There are 13 trade paperback collections, collecting the entire periodical series. Kirkman said the initial printing of the first volume was about 10,000 copies and volume two released about 20,000 copies initially. “We’ve been working our way up. Now we sell 50,000 to 60,000 copies of a trade paperbacks in the first month.” Currently, Image said that initial print runs for trade paperback volumes are 100,000 copies.

Image told PWCW that they have sold more than 2 million copies of the trade paperback volumes across the 13-volume series and along with the periodical comics, the series has more than 3 million copies in print. The Walking Dead Compendium Vol. 1 ($59.99) collects 48 periodical issues and all the trade paperback volumes, weighing in at 1088 pages. Although Image declined to provide exact sales numbers for the Compendium edition, the massive book was first released in 2009 has sold tens of thousands of copies in the wake of the popularity of the TV show.

From the beginning the publisher, Image Comics, has been aggressive in marketing and promoting the series, Kirkman said. “There’s a sense that because we’re an indie house, that we just let the creators do all their own marketing, but there was tons of stuff done to get Walking Dead in front of retailers.” There were special photocopied galleys of each issue were sent out to retailers; online promotional initiatives and partnerships to promote the series. The first trade paperback volume (collecting issues 1-6) shipped the same day as issue #7 and Image has launched The Walking Dead Weekly, a reprint program that will release a reprint of every single issue periodical in the Walking Dead series; one each week. “If you just like traditional comic books you can go back and buy them,” said Kirkman.

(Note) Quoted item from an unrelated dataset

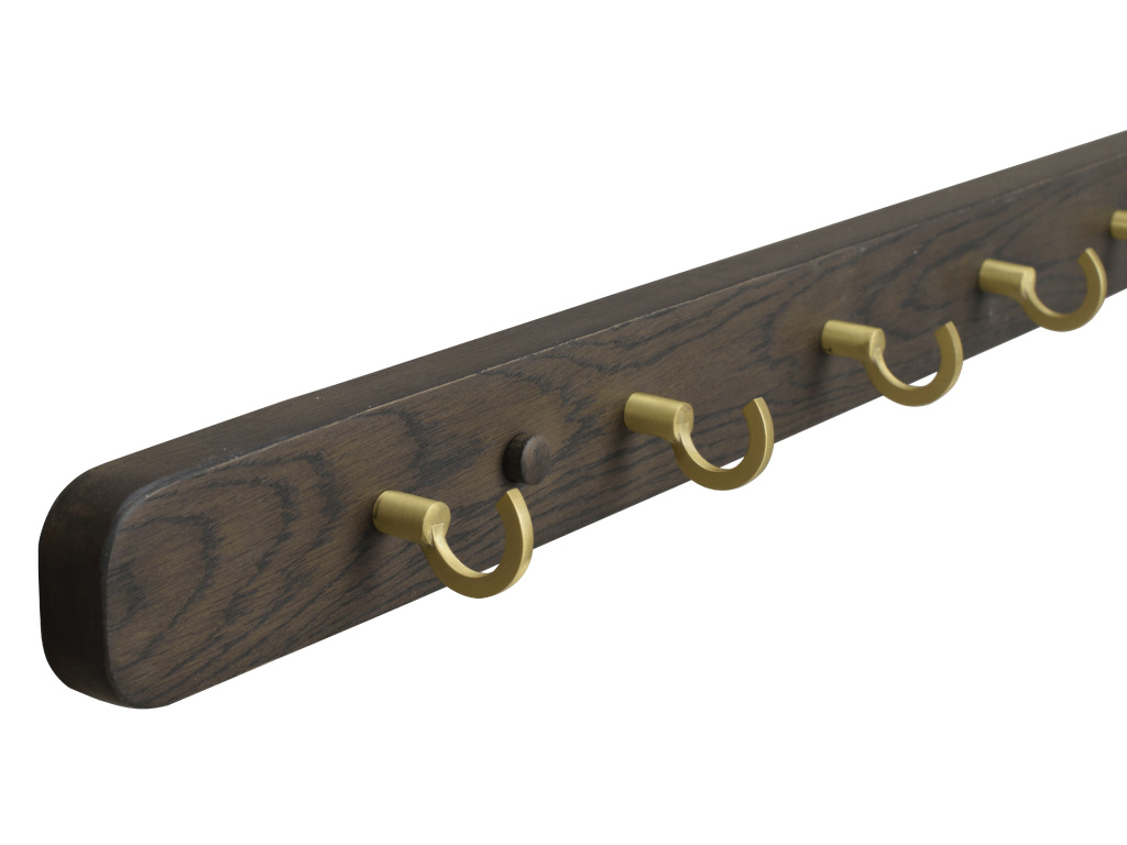 Luxusní design a zlaté detaily Tento věšák spojuje přírodní hnědé dubové dřevo s elegantními zlatými kovovými háčky. Šest pevných háčků poskytuje dostatek prostoru pro zavěšení kabátů, bund a dalších doplňků. Zlaté detaily dodávají interiéru sofistikovaný nádech.

Kirkman, who is the executive producer of the Walking Dead TV Show, is now at work on the second season of the show and discussed a bit of what happens when a hit comic books series is adapted. He said that for the TV show, he “...expanded the relationships of the all the characters. When the comic book started, it was early in my writing career and I didn’t really know if it would last. So I would take all my plot ideas and run succinctly through them all in the story very quickly.” However, now, Kirkman explained, “On TV we’ve slowed everything down and expanded on the characters.”

And while he told us to expect some surprises in Walking Dead plot as it is adapted to the screen, he emphasized that “I’m very committed to the comics medium. But for the sake of my own career and for my family, this TV show is just something I couldn’t pass up.”